The Armenian Ministry of Education recently made it mandatory for students age six and above to study chess in the classroom for at least two hours per week. Armenia is on its way to become a chess superpower with their top player, Levon Aronian, ranking number three in the world, and their national team winning at the biennial International Chess Olympiad in 2006 and 2008. With these new mandatory chess lessons, Armenia hopes to bring about a wave of talented chess players to enhance their army of professional chess players.

Despite Armenia's bad economic standing, Armenian Presdient Serzh Sargsyan and the Chess Academy of Armenia have decided to invest approximately $1.5 million in this program. The program is being implemented on the basis that it will nurture the students' intellectual development and teach them to think flexibly and wisely.

While the advantages of such a program are self-evident (intellectual development, recreational integration, etc.), the disadvantages seem to be non-existent.. at least at a glance. The economic repercussions of such a big investment are unknown but even without the economic prospect, the program may not necessarily be advantageous for the students.
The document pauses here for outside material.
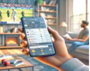
લગાવાયેલા રૂ. 7.71 લાખ કરોડ કરતાં વધુ છે. સ્પોર્ટ્સ સટ્ટાબાજીની કુલ ગ્રોસ ગેમિંગ આવક 2023માં 90 હજાર કરોડ રૂપિયા સુધી પહોંચવાની ધારણા છે, જે ગયા વર્ષના રેકોર્ડને તોડી નાખ્યું હતો. સટ્ટાબાજી પર 4.15 લાખ કરોડનો ખર્ચ કરશે, ન્યૂયોર્કથી સર્વાધિક ટેક્સ, વધુ મેચ પણ ત્યાં.. અમેરિકન ગેમિંગ રેવન્યુ ટ્રેકર અનુસાર, ફેબ્રુઆરીમાં સુપર બાઉલ પર રૂ. 87,067 કરોડ રૂપિયાનો દાવ લગાવ્યો હતો. આ 24.8% નો વાર્ષિક વધારો હતો. ક્રિકેટ સહિત, અમેરિકનો એક વર્ષમાં 4.15 લાખ કરોડ રૂપિયા સટ્ટાબાજી પર ખર્ચ કરશે. ગત વર્ષે કાયદાકીય સટ્ટાબાજી પર કુલ 10 લાખ કરોડનો ખર્ચ કરવામાં આવ્યો હતો.

ભારતમાં પૈસા, પ્રતિષ્ઠા અને પાવરનો પયાંય ક્રિકેટ હવે અમેરિકામાં પ્રથમ વખત ટી-20 વર્લ્ડ કપ ફોર્મેટમાં રમાઈ રહ્યું છે. આ સાથે જે બાબત સૌથી વધુ ચર્ચામાં છે તે સટ્ટાબાજી છે. ભારતમાં તે ગેરકાયદેસર છે, પરંતુ અમેરિકામાં કાયદેસર છે. તેથી જ ક્રિકેટની રમત 'ધનવર્ષા'ના નવા વિકલ્પ તરીકે ઉભરી આવી છે. આ માટે સટ્ટાબાજીની વેબસાઈટ ડ્રાફ્ટિંગ્સે એનએફએલ સાથે પાર્ટનરશિપ કરી છે. ઈએસપીએનએ સત્તાવાર સ્પોર્ટ્સ બુક તૈયાર કરી છે. તેથી મેચના પહેલા દિવસથી જ સટ્ટાબાજી શરૂ થઈ ગઈ છે. સ્પોર્ટ્સ બેટિંગનું આકલન કરનાર નૂહ નેપરાસ્ટ મુજબ, ટી-20 પર પહેલા જ દિવસે 200 કરોડથી વધુનો દાવ લગાવવાની આશંકા છે. બેટિંગની 500 વેબસાઈટ્સ અને એપ સક્રિય થઈ છે. અમેરિકામાં રમત અને સટ્ટાબાજી એકસાથે ચાલે છે. તમે સટ્ટાબાજીવાળી એપ પર મેચ જોઈ રહ્યા છો, ખેલાડી બોલ ફેંકવાનો છે. અમેરિકન ગેમિંગ એસોસિયેશનના જણાવ્યા અનુસાર અમેરિકનોએ ગયા વર્ષે કાનૂની રમતનાં પુસ્તકો પર રૂ. 10 લાખ કરોડના દાવ લગાવ્યા હતા, જે 2022માં

Although details about how Armenia plans to go about this integration are yet unknown, one fact remains intact. If the students are required to study chess for two hours a week at school, that invariably means that the students lose two hours a week of school. Over the period of 12 years (age 6 - 18) this seemingly small number adds up to approximately 1080 hours. This means that students lose 1080 hours they might have otherwise spent learning any of the various subjects taught at schools.

Is it worth it? That is for you to decide.